Question

Packages of mixed nuts made by a certain company contain four types of nuts. The percentages of nuts of Types \(1,2,3,\) and 4 are advertised to be \(40 \%, 30 \%, 20 \%,\) and \(10 \%,\) respectively. A random sample of nuts is selected, and each one is categorized by type. a. If the sample size is 200 and the resulting test statistic value is \(X^{2}=19.0,\) what conclusion would be appropriate for a significance level of \(0.001 ?\) b. If the random sample had consisted of only 40 nuts, would you use the chi- square goodness-of-fit test? Explain your reasoning.

Short answer

a) Since the test statistic value of 19.0 is greater than the critical value of 16.27, reject the null hypothesis. There is evidence at a 0.001 level of significance to suggest that the nut mixture differs from the advertised proportions. \nb) Yes, the chi-square test can be used for a sample size of 40, as all the expected counts are above 5.

Step-by-step solution

Check Critical Chi-Square Value for Significance Level

Use a chi-square distribution table to find the critical chi-square value. For a significance level of 0.001 and 3 degrees of freedom (4 - 1, because there are 4 types of nuts), the critical chi-square value is 16.27.

Compare Test Statistic to Critical Value

Given that the test statistic value (\(X^{2}\)) is 19.0, this is greater than the critical value.
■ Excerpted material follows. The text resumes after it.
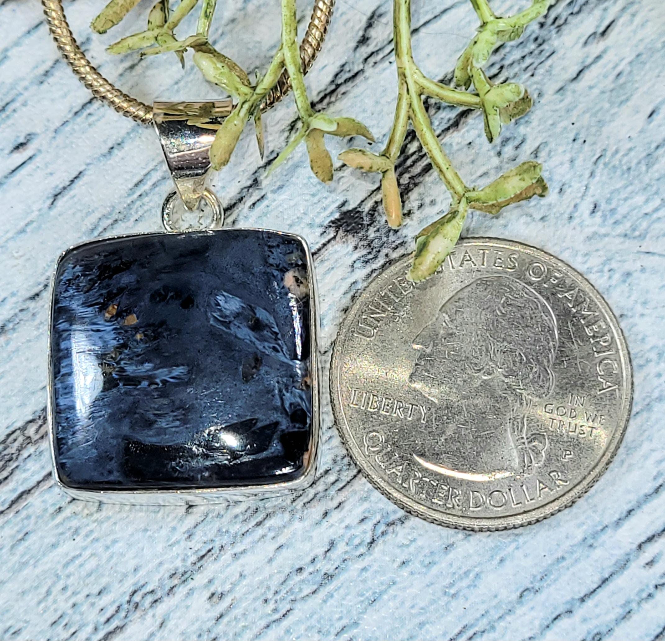 Natural Premium Grade Pietersite Square .925 Sterling Silver Pendant measures 1 3/8" x 7/8" and weighs 7.8 grams JD35. If you're not pleased with the item you receive please email us before leaving review. We stand behind our jewelry 100% and will refund you or send a replacement to make sure you're happy with your purchase!! This is a handpicked natural stone, the exact one shown in picture. The sterling silver is .925 and stamped. Each piece is handmade by artisans in my shop. The quality of the stones and the silver craftmanship is impressive. Please look at other items in my store. I sell ready made jewelry with handcrafted silver work, pendants with a sterling silver bails and beautiful unique stones for jewelry wire wrapping and weaving. You will pay exact amount on shipping plus $1 for supplies and labor. All items are shipped within a couple of days after payment and are shipped USPS first class or international first class. Items are available for combined shipping, if invoice does not combine please email me and I will combine for you. Average shipping will be $4 to 4.50 for USPS first class. International shipping is available for exact amount of shipping plus $1 for labor and supplies also. We also accept returns for refund or exchange. Thanks for viewing my store.

So the conclusion is to reject the null hypothesis. This means that there is evidence at a 0.001 level of significance, suggesting that the nut mixture differs from the advertised proportions.

Apply Chi-Square Test to Different Sample Size

For a sample size of 40, check each expected count. The expected count for each nut type is calculated by multiplying the sample size by the respective proportion. This gives: \nType 1 -> 40 * 0.4 = 16, \nType 2 -> 40 * 0.3 = 12, \nType 3 -> 40 * 0.2 = 8, \nType 4 -> 40 * 0.1 = 4 \nAll of these values are above 5, thus meeting the requirement for a Chi-square test (expected count for each category should be 5 or more). Consequently, a chi-square goodness-of-fit test can be used.

Key concepts

Critical Chi-Square Value

When conducting a chi-square goodness-of-fit test, the critical chi-square value is essential in making a statistical decision. It's the benchmark against which the test statistic is compared. This value is determined based on the desired level of significance, which reflects the researcher's tolerance for error. For instance, a significance level of 0.001 means we allow just a 0.1% chance of wrongly rejecting the null hypothesis.

Using a chi-square distribution table or software, we can find the critical value that corresponds to this significance level and the degrees of freedom for our test. If our calculated test statistic exceeds this critical boundary, we move to reject the null hypothesis, implying that the observed data does not fit the expected distribution well. In the case of our exercise, the critical value is 16.27 for 3 degrees of freedom, and since our test statistic of 19.0 is greater, we reject the null.

Null Hypothesis

The null hypothesis in a chi-square goodness-of-fit test expresses the assumption that there's no significant difference between the observed frequencies and the expected frequencies. It's the default position that holds the observed outcomes are likely the result of random chance.

In the context of the exercise, the null hypothesis claims that the actual distribution of nuts in the packages aligns with the advertised percentages. By calculating the chi-square test statistic and comparing it to the critical chi-square value, we can make an informed decision on whether to maintain this hypothesis or to reject it in favor of an alternative hypothesis that suggests a significant discrepancy.

Expected Count

Expected count is a cornerstone concept in the chi-square goodness-of-fit test, representing the frequency we would expect in each category if the null hypothesis were true. To calculate the expected counts, we multiply the total sample size by the expected proportion for each category.

In our nuts mix exercise, if we have a sample of 200 nuts, the expected count for Type 1 nuts is 200 multiplied by 40%, giving us 80 nuts. It's important to note that the reliability of the chi-square test results partly hinges on these expected counts being sufficiently large. Typically, each expected count should be 5 or greater to ensure that the chi-square distribution is an appropriate model for the sampling distribution.

Degrees of Freedom

Degrees of freedom in a chi-square test refer to the number of categories reduced by the number of parameters estimated from the data. Generally, it's the count of values that are free to vary as we estimate the characteristics of a population from a sample.

In chi-square tests, degrees of freedom are calculated as the number of categories minus 1 (df = k - 1). This subtraction is due to the constraint that the expected frequencies must sum up to the sample size. For the nut package example, with four types of nuts, our degrees of freedom would be 3 (4-1). This information is crucial when using statistical tables or software to determine the critical chi-square value for making decisions based on our test statistic.